Japan Geoscience Union Meeting 2024

Presentation information

[E] Oral

U (Union ) » Union

[U-04] Geospatial Applications for Societal Benefits

Fri. May 31, 2024 10:45 AM - 12:00 PM Exhibition Hall Special Setting (1) (Exhibition Hall 6, Makuhari Messe)

convener:Abdul Rashid Bin Mohamed Shariff (Universiti Putra Malaysia ), Yukihiro Takahashi(Department of Cosmosciences, Graduate School of Science, Hokkaido University), Decibel Villarisco Faustino-Eslava(Geological Society of the Philippines), Gay Jane Perez(Philippine Space Agency), Chairperson:Yukihiro Takahashi(Department of Cosmosciences, Graduate School of Science, Hokkaido University), Decibel Villarisco Faustino-Eslava(Geological Society of the Philippines), Gay Jane Perez(Philippine Space Agency), Abdul Rashid Bin Mohamed Shariff(Universiti Putra Malaysia)

11:30 AM - 11:45 AM

[U04-09] Monitoring Peat Soil Water Content in Oil Palm Plantations for Sustainable Agriculture Using Satellite Imagery

*Muhammad Arif Yusuf1, Winarna -1, Heri Santoso1, Yukihiro Takahashi2 (1.Indonesian Oil Palm Research Institute, 2.Department of Cosmosciences, Graduate School of Science, Hokkaido University)

Keywords:Peat Land, Water Content, Oil Palm, Satellite Imagery

The development of oil palm plantations in Indonesia is speedy. The percentage of Oil Palm Land Cover based on Ministry of Agriculture data in 2019 was 16.38 million hectares. Some oil palm plantations in Indonesia are located on sub-optimal land, especially peat land. Developing peatlands for oil palm cultivation requires soil drainage to support optimal plant growth and production. Peat soil drainage affects soil water content. In the long term, soil drainage causes several impacts on the soil layer above the groundwater table, including decreasing groundwater levels, increasing aeration, carbon release, and lowering the surface of peat soil (subsidence) (Szajdak & Szatylowicz, 2010).
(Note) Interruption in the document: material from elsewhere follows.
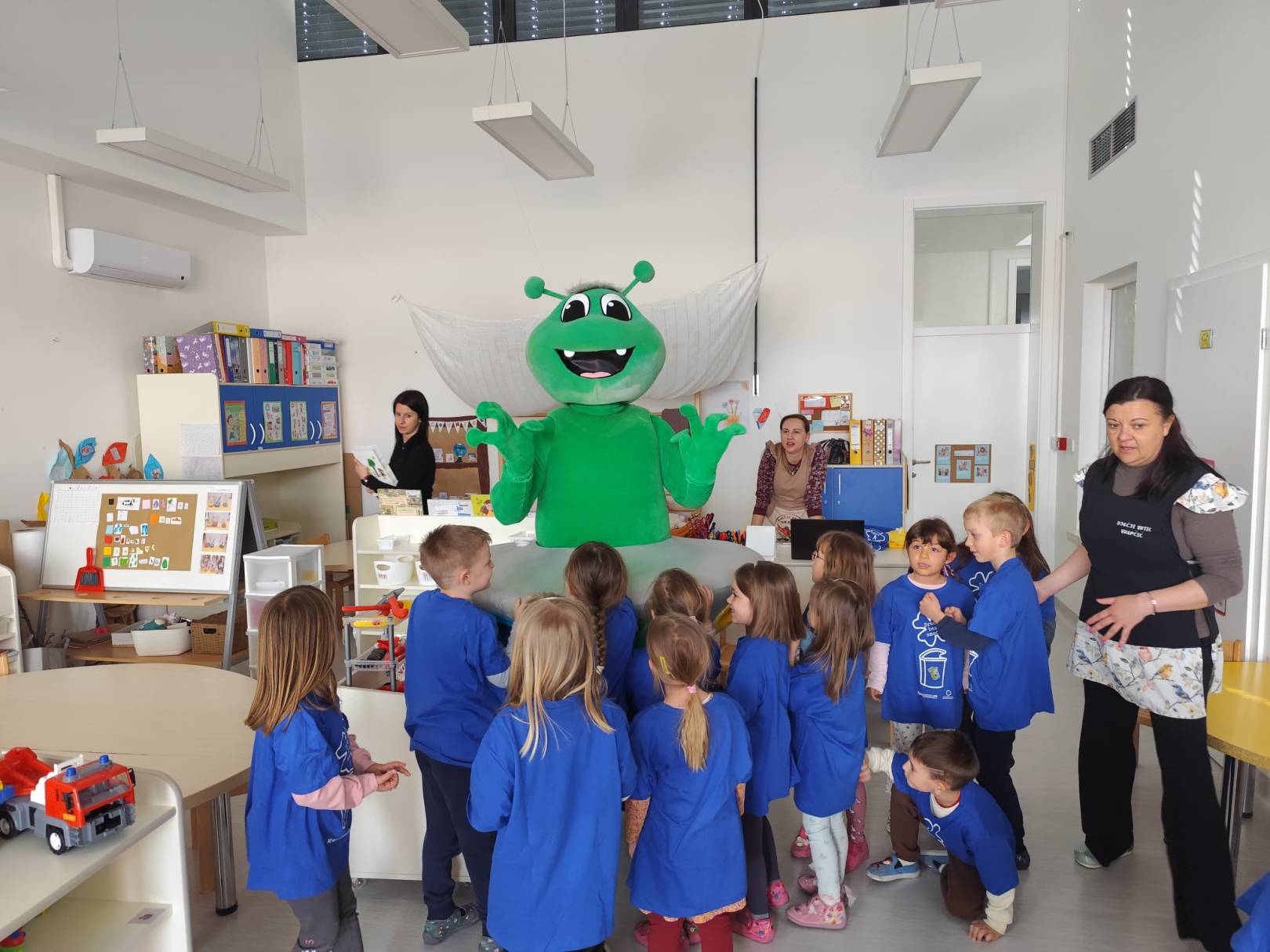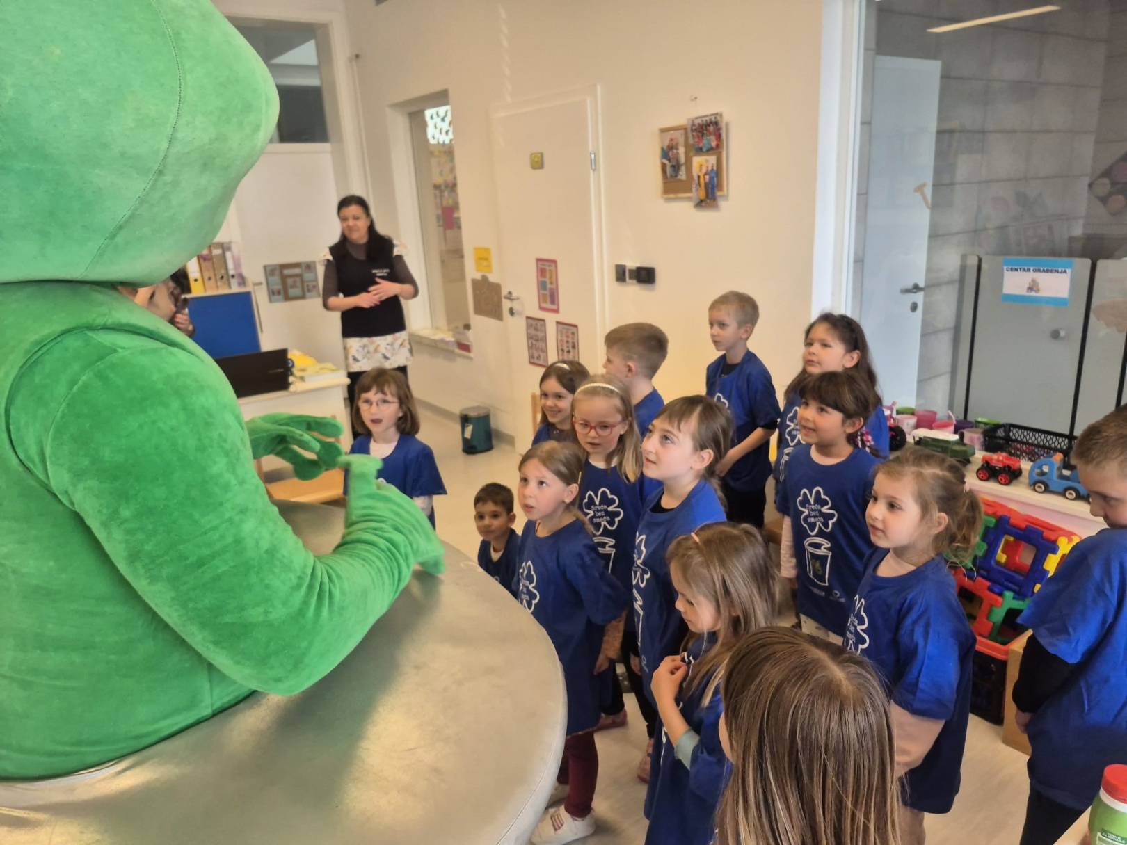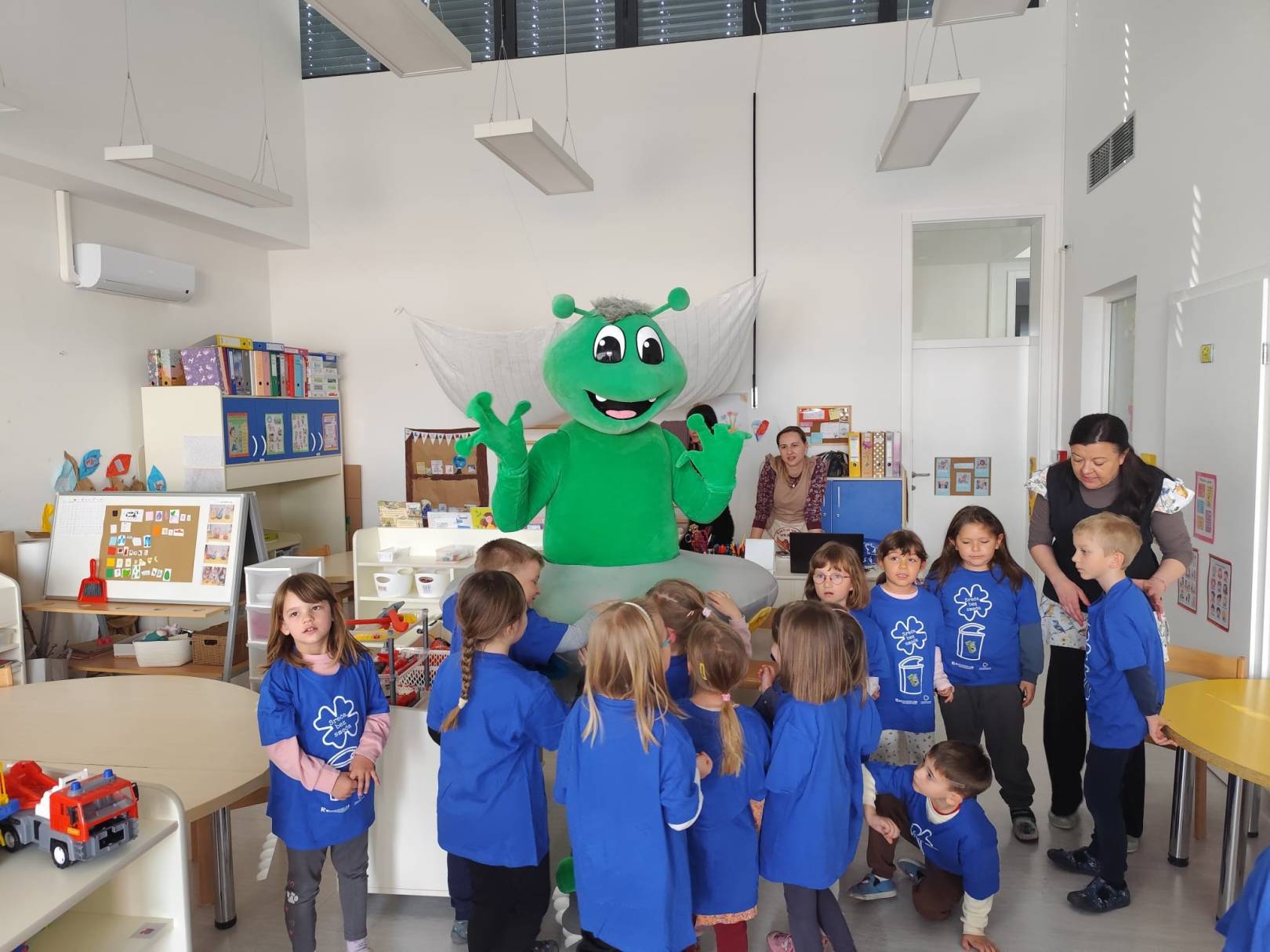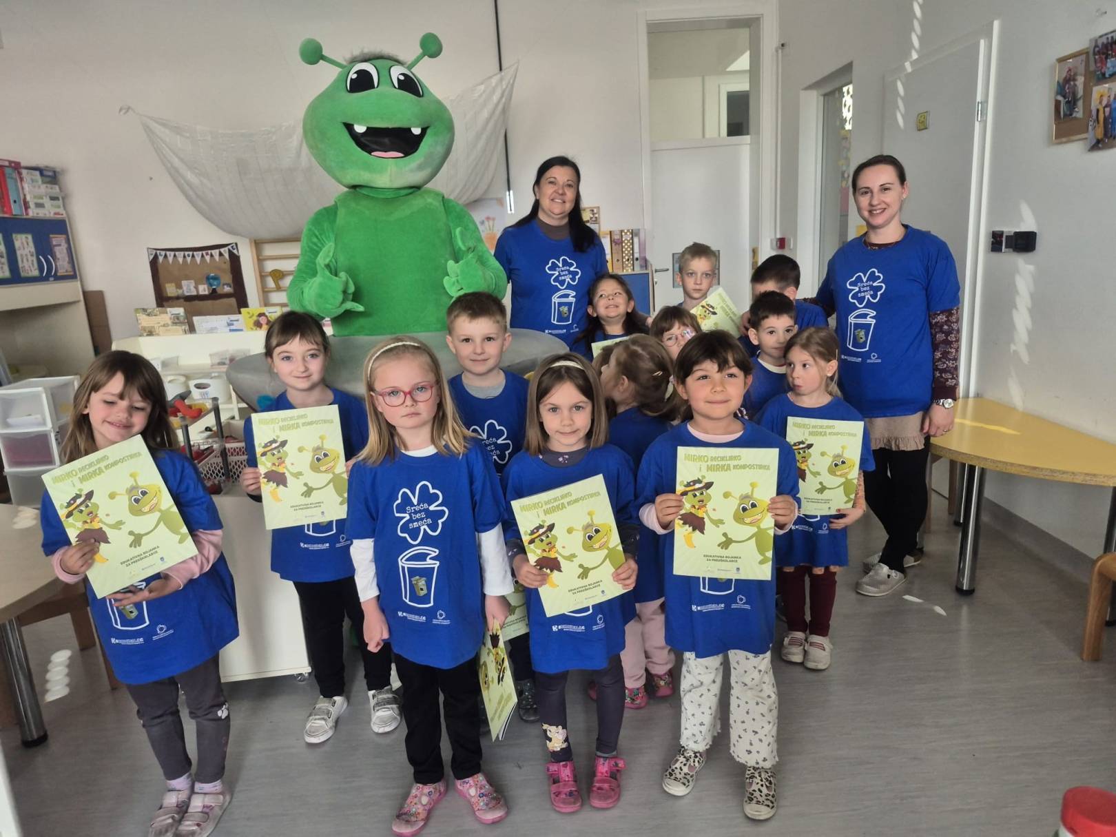 Nakon toga, edukativna aktivnost nastavljena je u dječjem vrtiću Vrapčić, gdje su predškolci skupine Iskrice kroz interaktivne igre i praktične primjere učili kako pravilno razvrstavati otpad. Kroz cijelu edukaciju vodio ih je Mirko Reciklirko, koji im je na zabavan i razumljiv način približio svijet recikliranja i kompostiranja.

Excessive drainage of peat soil causes the soil to dry out, and irreversible dryness (hydrophobicity) will appear (Brandyk et al., 2002). In conditions of low soil water levels, the lower leaves of oil palms begin to dry out. Apart from that, the water content of peat soil has a significant influence on palm oil production. A decrease in the groundwater level depth of more than 70 cm affected the incline average weight of oil palm bunches (Winarna, 2015).

One method to optimize palm oil production is land monitoring. The typical method for monitoring soil water content is taking soil samples and then analyzing them using the gravimetric method. The results of measuring soil water content using the gravimetric method cannot be done in real-time. Currently, technological developments are speedy. Calculation of soil water content can be done through the use of sensors. Nugroho et al. (2023) developed a Soil Moisture Content Monitoring System (SMC) for Precision Measurement of Soil Moisture in Sub-Optimal Land for Palm Oil Plantation. The soil Moisture Content (SMC) was designed to consist of sensors for soil moisture content and soil temperature placed in the soil at three different depths in spodosols. This system is excellent and able to detect soil water levels real-time. Observation of water content using gravimetric methods and sensors has spatial limitations. Both methods are suitable for spot observation, so another method that can be used for wide-scale and fast observations is needed.

Current technological developments, especially in remote sensing, make it possible to carry out monitoring on a wide scale. Utilizing satellite image data for monitoring soil water content is possible and has great potential for development (Peng et al., 2021); however, this technology still needs to be implemented in the palm oil industry. The research was conducted in the Labuhan Batu area of North Sumatra Province. The treatment used in this research is an area with a groundwater level of 35-50 cm, 60-75cm, and 80-95 cm. The characteristic of the peat in the research area is hemosaprist maturity peatland with more than 3 meters of depth. The satellite image used was Landsat 8. Observations were carried out during the transition season and rainy season. Interim results show that the extracted pixel values converted into TDVI values showed a strong relationship (R transition season: 0.675 and R rainy season: 0.968) and were negative with soil water content. This negative relationship could be seen from the opposite pattern between TDVI values and actual soil water content. The higher the TDVI value, the lower the actual water content in the field. This pattern occurred both in the transition season and the rainy season. TDVI values were generally higher in the rainy season than in the transition season. Based on the results of simple linear regression calculations, the formula that can be used for upscaling soil water content values during the transition season is y = - 203963x + 567.04. The formula for upscaling in the rainy season is y = -219907x + 562.89.